Introduction

The risk of recurrence for many estrogen receptor (ER) positive breast cancers extends over a prolonged period of time and around 50 % of all recurrences develop after the first 5 years of follow-up (“late recurrence”) [1]. Importantly, extended adjuvant endocrine therapy can reduce the risk of late recurrences. In 5 different randomized controlled trials (NCIC-CTG MA.17, NSABP-B33, ABCSG-6a, ATLAS, and aTTom), which investigated either aromatase inhibitors following an initial 5 years of tamoxifen [26] or 10 years of tamoxifen versus 5 years [7, 8], extended endocrine therapy reduced the risk of late disease recurrence. While these studies have established that extended endocrine therapy is superior to 5 years of adjuvant endocrine treatment; they also demonstrated that the absolute benefit from prolonged endocrine therapy is modest (approximately 3–5 % absolute benefit across studies) and comes with added toxicity.

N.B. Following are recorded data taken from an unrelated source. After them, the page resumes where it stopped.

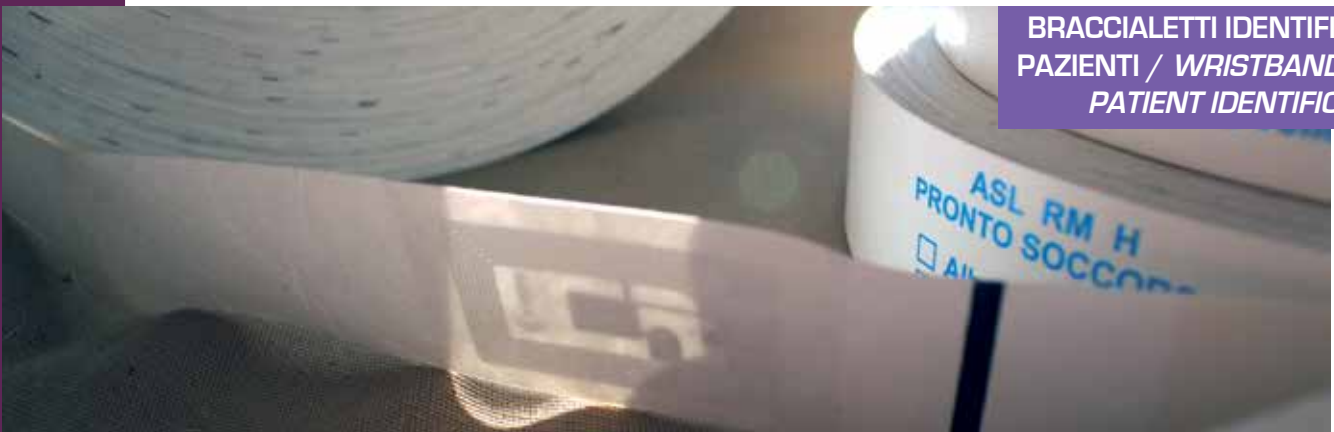
BRACCIALETTI IDENTIFICATIVI PAZIENTI / WRISTBANDS FOR PATIENT IDENTIFICATION

All RFID labels intended for medical use manufactured by Ceracarta can safely be employed in test labs, transfusion centers, research lab, diagnostic units, and sterilization industries.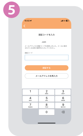
⑤ 認証コードを入力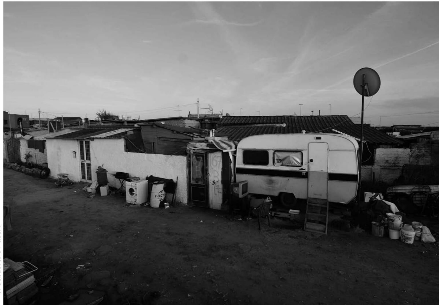
di Sebastiano Paccini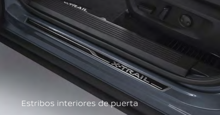
Estribos interiores de puerta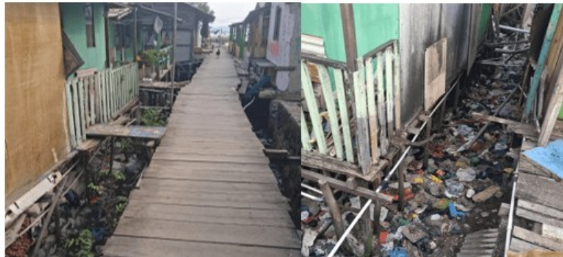
Gambar 5: Tinjauan Lokasi Lainnya

Kegiatan pengabdian kepada masyarakat dengan judul “Sosialisasi Inovasi Rumah Apung sebagai Strategi Tanggap Bencana di Kecamatan Panjang” dilaksanakan di Kelurahan Panjang Selatan, Kota Bandar Lampung, yang merupakan salah satu wilayah pesisir dengan tingkat kerentanan tinggi terhadap bencana lingkungan. Berdasarkan hasil observasi lapangan dan wawancara awal dengan masyarakat setempat, diketahui bahwa sebagian besar rumah warga berada sangat dekat dengan laut, bahkan beberapa dibangun di atas air dengan menggunakan tiang kayu sebagai penopang utama. Kondisi ini memperlihatkan bahwa masyarakat telah beradaptasi secara sederhana terhadap keterbatasan lahan di kawasan pesisir, namun di sisi lain menunjukkan tingginya tingkat kerentanan terhadap ancaman banjir rob, abrasi pantai, dan keterbatasan jalur evakuasi. Pada saat pasang tinggi atau curah hujan yang intens, air laut sering meluap hingga ke area permukiman dan menyebabkan genangan berkepanjangan yang berdampak pada kerusakan rumah, fasilitas umum, serta menurunkan kualitas hidup warga. Kondisi lingkungan semakin diperburuk oleh sistem drainase yang tidak memadai serta penumpukan sampah rumah tangga di area sekitar pemukiman yang menyumbat aliran air. Akumulasi sampah tersebut tidak hanya memperparah genangan, tetapi juga menimbulkan bau tidak sedap, mengganggu estetika lingkungan, dan meningkatkan potensi penyakit berbasis lingkungan seperti diare dan demam berdarah.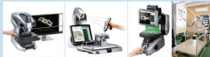
ワンショット3D形状測定機 3次元測定機 画像寸法測定器 油圧テストスタンド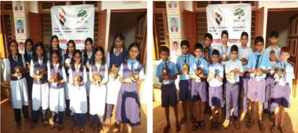
कुक्कुट प्रकल्प सहभागी विद्यार्थी

कुक्कुटपालन प्रकल्प :- ग्रामीण भागातील नुलांच्या आहारात पुरेसे प्रोटीन्स यावेत, शाळेतील मुलांना अभ्यासाबरोबर शेती पूरक उद्योगाची आवड निर्माण व्हावी आणि घरा पाठीमागील परिसराकडे पाहण्याचा त्यांचा दृष्टीकोन बदलावा या उद्देशाने प्रशालेने कुक्कुटपालन प्रकल्प हाती घेतला आहे. प्रशालेने शाळेतील मुले आणि गावातील महिलांचा दृष्टीकोन बदलण्याच्या प्रयोगावर विचार सुरु केला आणि त्यातून परसबागेतील लक्ष्मी म्हणजेच कुक्कुटपालन या अनोख्या प्रकल्पाची आखणी झाली. प्रशालेने शाळेतील मुले आणि गावातील महिलांचा दृष्टीकोन बदलण्याच्या प्रयोगावर विचार सुरु केला आणि त्यातून परसबागेतील लक्ष्मी म्हणजेच कुक्कुटपालन या अनोख्या प्रकल्पाची आखणी झाली. या प्रयोगामध्ये प्रशालेतील विद्यार्थ्यांना व गावातील बचतगटातील महिलांना कुक्कुटपालनाचे प्रशिक्षण देऊन कावेरी जातीची एक महिन्याची पाच कोंबडीची पिल्ले आणि पाच किलो खाद्य दिले. प्रत्येक विद्यार्थ्यांनी ती पिल्ले घरी नेऊन शास्त्रोक्त पद्धतीने वाढविली. त्यातून मिळणारी अंडी बाजारपेठेत विक्री केली. त्यानंतर कोंबडीची पूर्ण वाढ झाल्यानंतर बाजारपेठेत नेवून त्यांची विक्री केली. विद्यार्थ्यांना कोंबडी पालन शिकवणे हा त्यामागचा मुळीच हेतू नाही. या कोंडी पालनाच्या माध्यमातून शालेय मुलांना अभ्यासाबरोबर शेतीपूरक व्यवसायाची आवड निर्माण व्हावी, त्यांना रोजगाराचा एक नवा पर्याय मिळावा हा या मागचा प्रमुख हेतू आहे.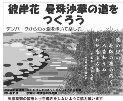
河原にたてる看板です！

河川部会では昨年からは半場川の堤防に彼岸花の球根を植えて管理をしています。今年も5月～6月にかけて草刈りや球根の追加植え付けの作業をしています。除草剤の散布や土手焼きをされないようご協力お願いします。2年後の彼岸頃に綺麗に咲く予定です。是非散歩してみてください。

For example, in the ATLAS trial, 10 years of tamoxifen resulted in increased risk for pulmonary embolism (RR 1.87, 95 % CI 1.13–3.07, p = 0.01) and endometrial cancer (RR 1.74, 95 % CI 1.30–2.34, p = 0.0002) [7]. The cumulative risk of endometrial cancer during years 5–14 was 3.1 % for 10 years of tamoxifen compared to 1.6 % for 5 years [7, 9]. Extended adjuvant therapy with aromatase inhibitors after tamoxifen also causes an increase in the risk for osteoporosis, which may lead to unfavorable serum lipid profiles, and is associated with arthralgias and menopause side effects [4, 10]. In the MA17 trial, osteoporosis incidence was 8.1 % in the letrozole group compared to 6 % in controls (p = 0.003). Hot flashes, anorexia, arthralgia, myalgia were also statistically significantly more common in the letrozole arm [4]. Because of the modest efficacy, potential for adverse events, and costs of therapy, there is an unmet need for tools to help identify women who are at risk for late recurrence and have endocrine sensitive cancers and therefore would benefit the most from prolonged endocrine therapy [11, 12].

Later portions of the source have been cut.